Capital punishment in Zoroastrianism It is found in the Zoroastrian holy book, the Avesta, and in several other Zoroastrian texts, and was practiced during the Sasanian era.

== Execution in the Avesta ==
In the Venidad section, a section of the penal code, the word "margarzan" is used, meaning mortal sin. It specifies the prohibitions that lead to the death penalty: carrying a corpse alone, offering extremely hot food to a dog so that its throat burns, and offering bones to a dog (this is a punishment because Zoroastrianism venerates dogs. The death penalty is for anyone who throws a corpse into a waterway. Anyone who insults a judge is considered a rebel against the king and deserves death. Eating a human or dog corpse is also punishable by death.

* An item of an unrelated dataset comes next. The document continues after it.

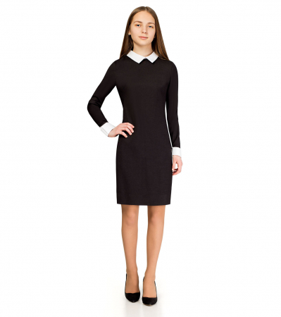 Платье для девочки полуприлегающего силуэта, с длинным втачным рукавом, со съемным воротничком и манжетами. По переду платья имеются нагрудные вытачки и боковые карманы. По спинке - талиевые вытачки. Воротничок и манжеты съемные на потайных петлях и пуговицах, что обеспечивает практичность. Платье без подкладки.Размер 50-158: Длина изделия - 87см, Длина рукава - 62.5см, Длина до талии - 41.6см, Ширина плеча - 10.5см, Ширина по бедрам - 55см, Ширина по груди - 52см, Ширина рукава - 17.5см;

== Reasons for execution ==

In Zoroastrianism, abandoning the faith is considered a capital offense. In the Vendidad section, at the beginning of chapter 15, the text lists the greatest sins a Zoroastrian might commit, the first of which is spreading a non-Zoroastrian faith among Zoroastrians. The punishment for this act is two hundred beheadings. Other grounds for execution include practicing magic and armed robbery.

Zoroastrianism has been said to have a "hatred of male anal intercourse" that is reflected in at least one mythological tale. When Ahriman, the "Spirit of Aridity and Death" and "Lord of Lies", sought to destroy the world, he engaged in self-sodomy. That caused an "explosion of evil power" and resulted in the birth of a host of evil minions.